2 Literature reviewed

We begin by reviewing existing handcrafted features and other deep learning methods for 3D shape analysis in this section. Then, we discuss the point cloud simplification and sampling methods used in a variety of graphic applications.

2.1 Handcrafted features

Many machine learning approaches generate 3D descriptors by extracting lower-level features from data and feeding these features to the model to generate 3D descriptors. Some of this are geometric features consist of Gaussian curvature and mean curvature [28], average geodesic distance [29], spin images [30]. Recent spatial features such as wave kernel signatures (WKS), heat kernel signatures (HKS), and other heat-based signatures have also been used in the literature for local feature extraction [31,32,33]. On these features, some methods use machine learning techniques directly (e.g., random forest, support-vector machine (SVM), k-nearest neighbor (kNN) [34], correspondence study [35] or use some greedy and local processes, such as k means [36], region growing [37]). Kazmi et al. [38] provide a detailed analysis on 2D and 3D descriptors.

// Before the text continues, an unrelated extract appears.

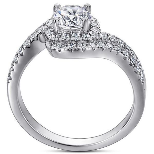 Zásnubný prsteň vyrobený zo striebra, zložený z dvoch kusov, zdobený bielym zirkónovým kryštálom.
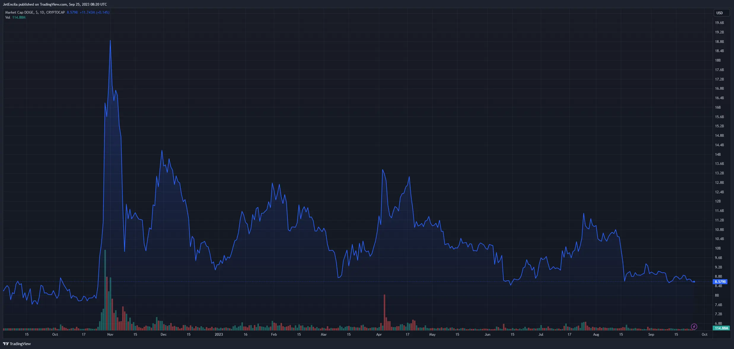 DOGE market cap currently at $8.5 billion. Chart: TradingView.com

The majority of previous reviews, on the other hand, have concentrated on conventional methods for generating 3D shape descriptors. Rostami et al. [39] recently published a thorough analysis on data-driven 3D Shape descriptors. In this study, the 3D descriptors are divided into two main categories which are shallow descriptors and deep shape descriptors. The shallow descriptors are subdivided further into optimization-based descriptors, which are often implemented in a supervised manner [30] and clustering-based descriptors that are mostly unsupervised and are built using bag of features technique (BoF) [40]. The deep shape descriptors are sub-divided into probabilistic models [41], auto-encoding [42], or CNN [43]. The probabilistic groups are again sub-divided into deep belief network (DBN) based and generative adversarial network (GAN) based. Deep learning models had the advantage of being able to efficiently learn hierarchical discriminative features.

2.2 Deep learning

For 3D shape analysis, a set of deep learning methods has been presented. According to the 3D shape representation used in each solution, we divide these approaches into several categories.

2.2.1 Voxel based methods

The full geometry of the models is used in these approaches. [13] Proposes 3D shapeNets, which transform input objects into a binary tensor of 30x30x30 dimensions. Despite the method’s good efficiency, it has a number of limitations, such as adding more dimension to the convolutional kernel, which makes processing high resolution inputs more difficult. With less input parameters, Voxnet[14] improved [13], but it is still limited to low resolution due to the computational expense. Some techniques use the sparse voxel representation for 3D objects [20, 44,45,46] and perform network operations on the octree data structure similar to [47], but the complexity of these network structures is one of the major disadvantages of these methods. LightNet is a real-time volumetric CNN that was proposed by [48]for 3D object recognition tasks. The network architecture has two major capabilities: it can learn a large number of features at once using multi-tasking, and it can achieve quick convergence with fewer parameters by combining the activation and convolution operations with the batch normalization process. For classifications tasks, the network outperformed [14] by above 23% in both ModelNet10 and ModeleNe40 datasets.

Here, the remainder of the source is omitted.